(Source records)

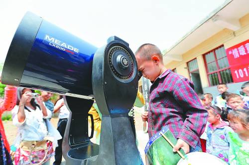 5月27日,河南省林州市桂林镇兴泉村水法小学,一名留守儿童通过天文望远镜观测太阳黑子,观看绚丽多彩的太空世界。
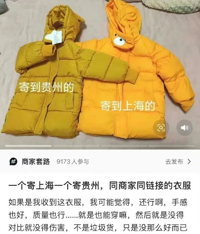有博主实测在同家店铺买同款商品,收货地址分别是深圳,山东,四五线小县城。
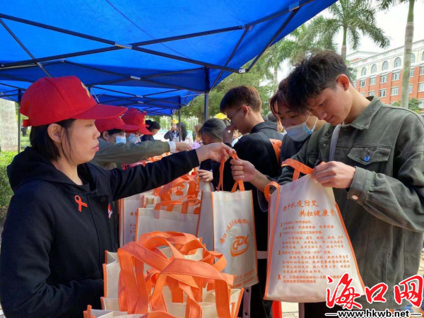 当天,记者在活动现场看到,美兰区卫健委、区疾病预防控制中心、区健康教育所等单位工作人员及海口经济学院学生志愿者向该校学生发放宣传页及安全套、购物袋、纸巾、指甲钳、文化衫等小礼品,向学生们介绍艾滋病相关知识、预防措施及治疗方法,讲解国家防控艾滋病的优惠政策,提醒大家要洁身自好、小心防范艾滋病,但无需过于恐慌,不要谈“艾”色变。
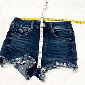 American Eagle High Rise Shortie Dark Wash Distressed Denim Shorts Size 0 Blue
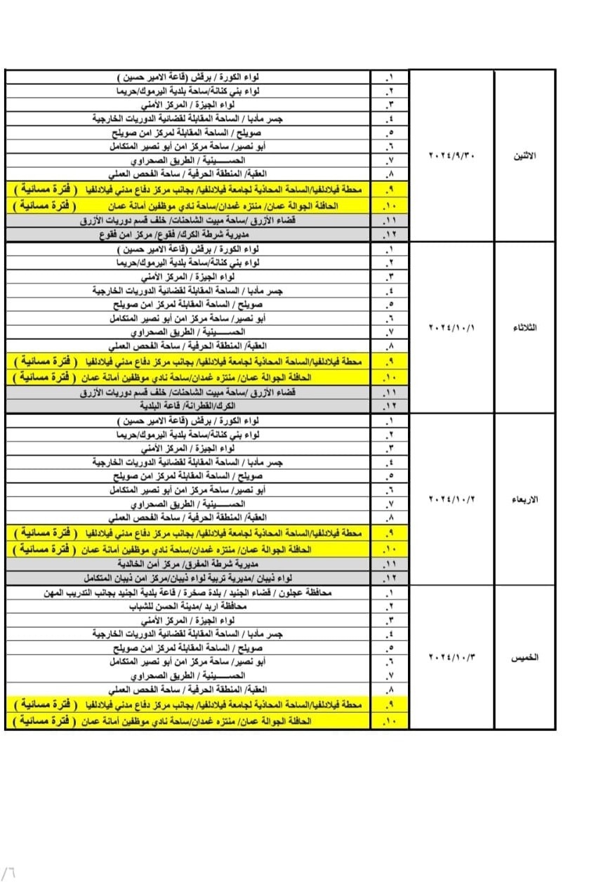 مواعيد العمل بجولات الترخيص المتنقل خلال شهر أيلول - قائمة
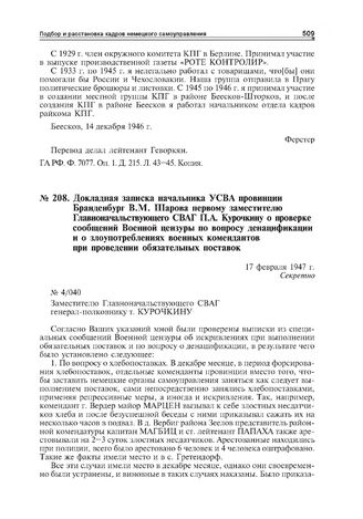Докладная записка начальника УСВА провинции Бранденбург B.M. Шарова первому заместителю Главноначальствующего СВАГ П.А. Курочкину о проверке сообщений Военной цензуры по вопросу денацификации и о злоупотреблениях военных комендантов при проведении...
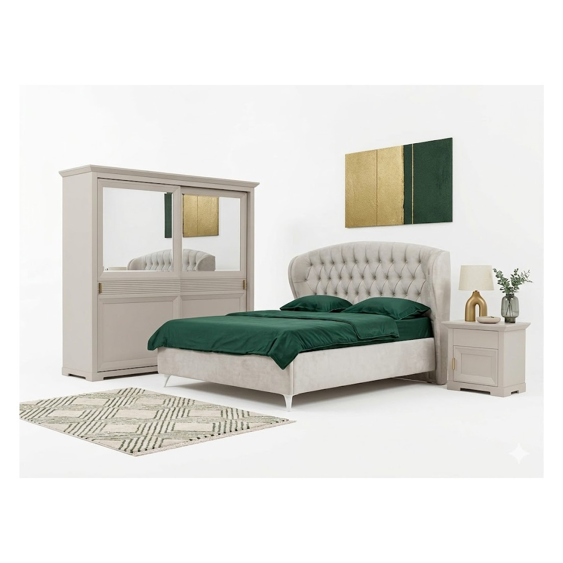 Set Dormitor Verona Kashmir Cu Pat Tapitat, Dimensiune saltea 160 X 200 Cm, 2 Noptiere Si Dulap
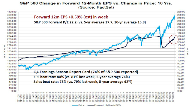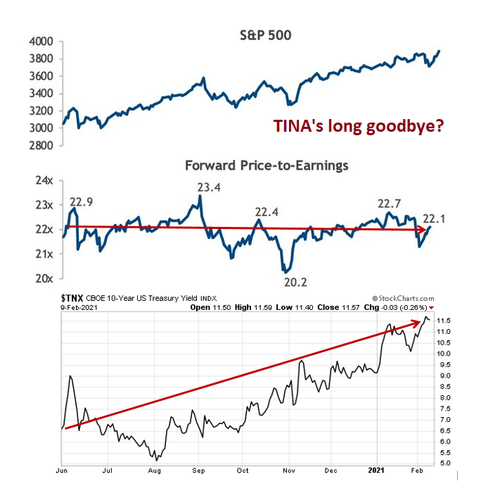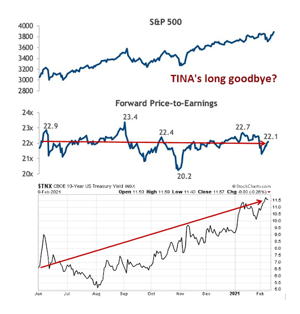 Keith Lerner at Truist Advisory Services observed that the S&P 500 has been rising since last June, but the market’s forward P/E ratio has been steady. This indicates that forward EPS estimates have been rising in line with stock prices, which is constructive for the bull case. What he neglected to mention is that the 10-year Treasury yield has risen about 0.5% during the same period, which makes fixed-income instruments more competitive with equities. In order for stock prices to rise, EPS estimates need to rise at the same pace or more than the stock index. Otherwise, the strength of the TINA (There Is No Alternative to stocks) investment theme will fade.
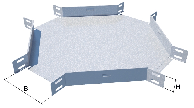 Главная / Каталог / Кабельный лоток металлический / Фасонные изделия кабельного лотка - углы, заглушки / Х-разветвитель / Х-разветвитель 50х50 для кабельного лотка код LO01
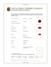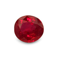 One beautiful transparent 1.02 carat oval shape red ruby with dimensions of 6.23 x 5.70 x 3.28 mm. It has a mixed brilliant cut, and a clarity grade of very slightly included (evaluated at eye level), vivid color intensity, and an excellent polish. The origin of this ruby is Tanzania.
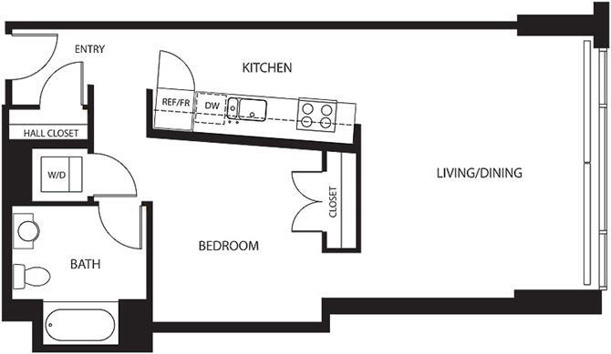 1D Renovation 2 - Floorplan 1 Apartment Unit: 23-204Apartment Model: 1D Renovation 21 Bedroom, 1 Bath, 770 sq ftAvailable NowFloorplan 1A
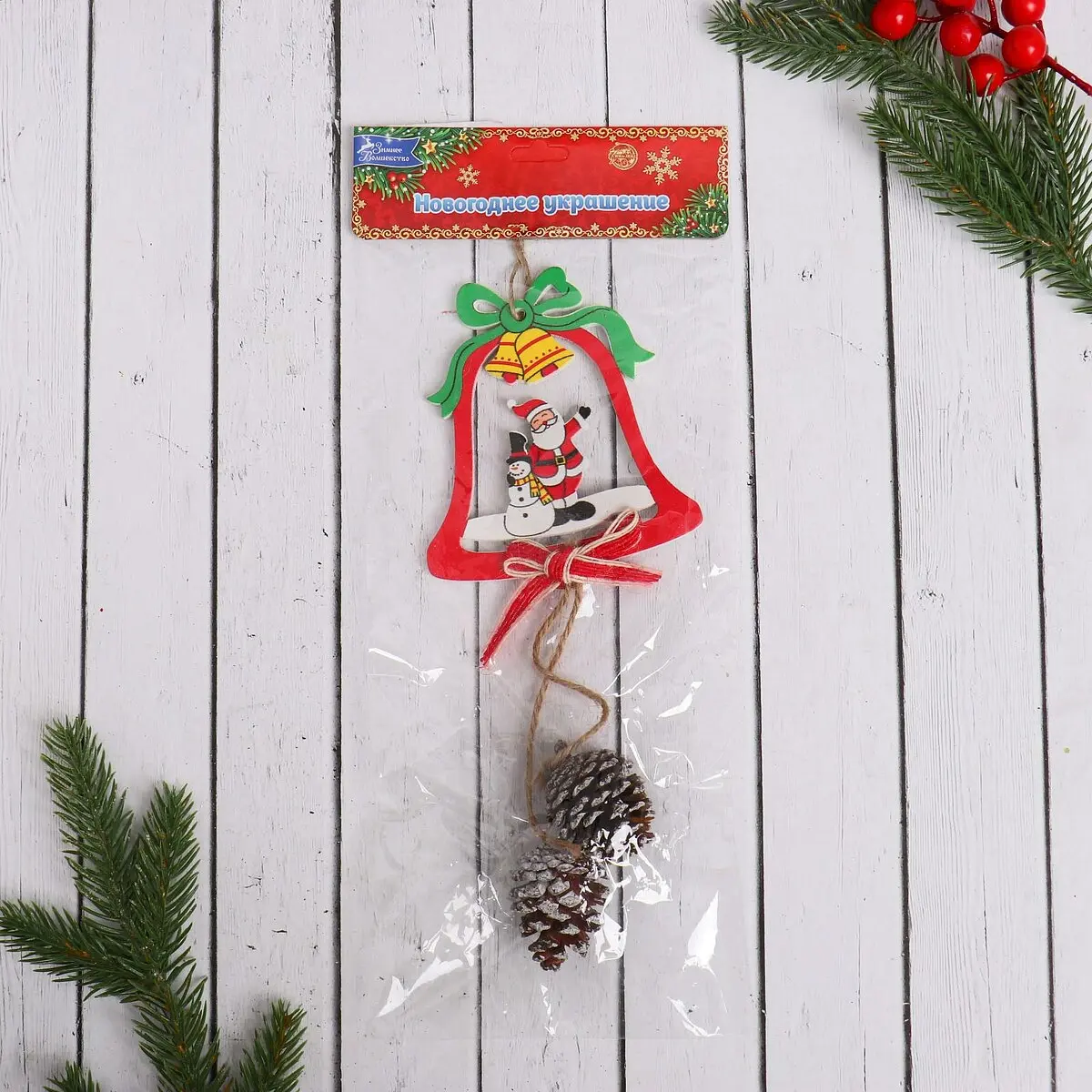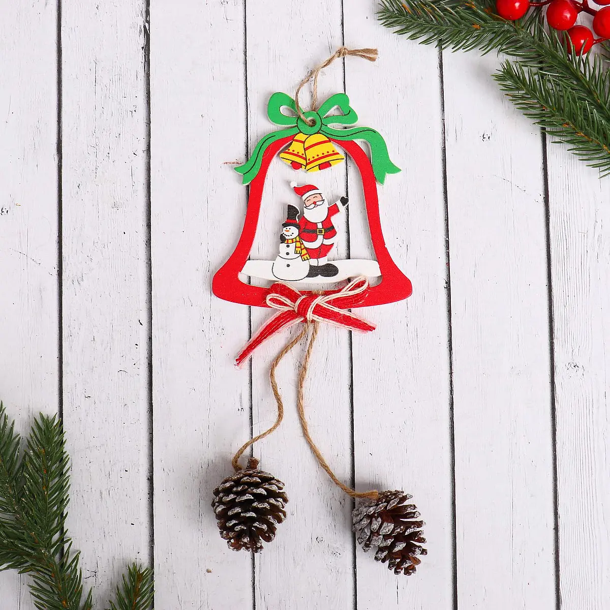 Ёлочная игрушка «Колокольчик с шишками» Дед Мороз и снеговик 9×24 см. Деревянный колокольчик с резной отделкой в красном цвете объединяет элементы советского и фьюжн стилей, изображая Деда Мороза и снеговика среди шишек. Эта елочная игрушка станет выразительным акцентом в праздничном оформлении, добавляя традиционную теплоту и современную изюминку одновременно. Особенности
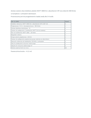 Zestaw zawiera dwa kolektory płaskie WATT 3000 SU z absorberem VIP oraz zbiornik 300 litrów w komplecie z uchwytem dachowym. Przeznaczony jest do przygotowania ciepłej wody dla 3-4 osób. SU 2/300 Ilość Kolektor słoneczny WATT 3000 SU z absorberem VIP 2.057 m2 2 Podgrzewacz C.W.U. dwuwężownicowy 300 litrów 1 Uchwyt dachowy aluminiowy - II 1 Zestaw do podłączenia 2 kolektorów WATT SU do instalacji 1 Płyn do kolektorów WATT 3000 - 20 litrów 1 Regulator solarny 1 Grupa solarna pojedyncza 1-6l/min 1 Zestaw do podłączenia pojedynczej grupy solarnej ze zbiornikiem 1 Naczynie wzbiorcze do kolektorów 18 litrów z uchwytem 1 Wąż do podłączenia naczynia wzbiorczego 1 Złączka do naczynia wzbiorczego ¾'' 1 Otulina solarna 9x15 (w m.b.) 20 Powierzchnia brutto – 4.11 m2
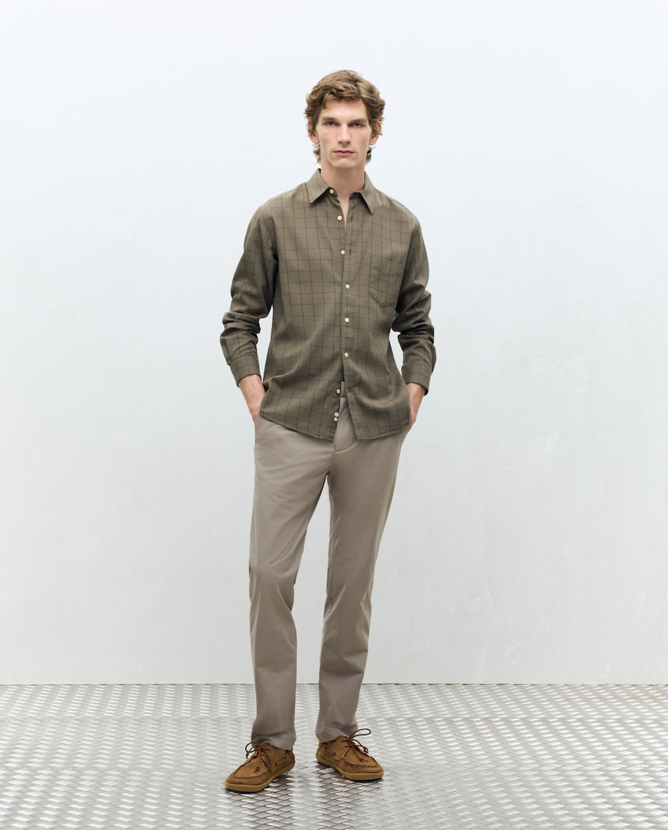 Levemente estreitos, mas confortáveis. Anca e largura da perna estilizadas, corte ajustado no tornozelo. (Comprimento das calças à altura do tornozelo: 41 cm).

**WHAT TO PRODUCE**
For every entry above, write it out exactly and remove any image.

**TASK RESPONSE**
 5月27日,河南省林州市桂林镇兴泉村水法小学,一名留守儿童通过天文望远镜观测太阳黑子,观看绚丽多彩的太空世界。
有博主实测在同家店铺买同款商品,收货地址分别是深圳,山东,四五线小县城。
 当天,记者在活动现场看到,美兰区卫健委、区疾病预防控制中心、区健康教育所等单位工作人员及海口经济学院学生志愿者向该校学生发放宣传页及安全套、购物袋、纸巾、指甲钳、文化衫等小礼品,向学生们介绍艾滋病相关知识、预防措施及治疗方法,讲解国家防控艾滋病的优惠政策,提醒大家要洁身自好、小心防范艾滋病,但无需过于恐慌,不要谈“艾”色变。
 American Eagle High Rise Shortie Dark Wash Distressed Denim Shorts Size 0 Blue
 مواعيد العمل بجولات الترخيص المتنقل خلال شهر أيلول - قائمة
Докладная записка начальника УСВА провинции Бранденбург B.M. Шарова первому заместителю Главноначальствующего СВАГ П.А. Курочкину о проверке сообщений Военной цензуры по вопросу денацификации и о злоупотреблениях военных комендантов при проведении...
 Set Dormitor Verona Kashmir Cu Pat Tapitat, Dimensiune saltea 160 X 200 Cm, 2 Noptiere Si Dulap
 Keith Lerner at Truist Advisory Services observed that the S&P 500 has been rising since last June, but the market’s forward P/E ratio has been steady. This indicates that forward EPS estimates have been rising in line with stock prices, which is constructive for the bull case. What he neglected to mention is that the 10-year Treasury yield has risen about 0.5% during the same period, which makes fixed-income instruments more competitive with equities. In order for stock prices to rise, EPS estimates need to rise at the same pace or more than the stock index. Otherwise, the strength of the TINA (There Is No Alternative to stocks) investment theme will fade.
 Главная / Каталог / Кабельный лоток металлический / Фасонные изделия кабельного лотка - углы, заглушки / Х-разветвитель / Х-разветвитель 50х50 для кабельного лотка код LO01
 One beautiful transparent 1.02 carat oval shape red ruby with dimensions of 6.23 x 5.70 x 3.28 mm. It has a mixed brilliant cut, and a clarity grade of very slightly included (evaluated at eye level), vivid color intensity, and an excellent polish. The origin of this ruby is Tanzania.
 1D Renovation 2 - Floorplan 1 Apartment Unit: 23-204Apartment Model: 1D Renovation 21 Bedroom, 1 Bath, 770 sq ftAvailable NowFloorplan 1A
 Ёлочная игрушка «Колокольчик с шишками» Дед Мороз и снеговик 9×24 см. Деревянный колокольчик с резной отделкой в красном цвете объединяет элементы советского и фьюжн стилей, изображая Деда Мороза и снеговика среди шишек. Эта елочная игрушка станет выразительным акцентом в праздничном оформлении, добавляя традиционную теплоту и современную изюминку одновременно. Особенности
 Zestaw zawiera dwa kolektory płaskie WATT 3000 SU z absorberem VIP oraz zbiornik 300 litrów w komplecie z uchwytem dachowym. Przeznaczony jest do przygotowania ciepłej wody dla 3-4 osób. SU 2/300 Ilość Kolektor słoneczny WATT 3000 SU z absorberem VIP 2.057 m2 2 Podgrzewacz C.W.U. dwuwężownicowy 300 litrów 1 Uchwyt dachowy aluminiowy - II 1 Zestaw do podłączenia 2 kolektorów WATT SU do instalacji 1 Płyn do kolektorów WATT 3000 - 20 litrów 1 Regulator solarny 1 Grupa solarna pojedyncza 1-6l/min 1 Zestaw do podłączenia pojedynczej grupy solarnej ze zbiornikiem 1 Naczynie wzbiorcze do kolektorów 18 litrów z uchwytem 1 Wąż do podłączenia naczynia wzbiorczego 1 Złączka do naczynia wzbiorczego ¾'' 1 Otulina solarna 9x15 (w m.b.) 20 Powierzchnia brutto – 4.11 m2
 Levemente estreitos, mas confortáveis. Anca e largura da perna estilizadas, corte ajustado no tornozelo. (Comprimento das calças à altura do tornozelo: 41 cm).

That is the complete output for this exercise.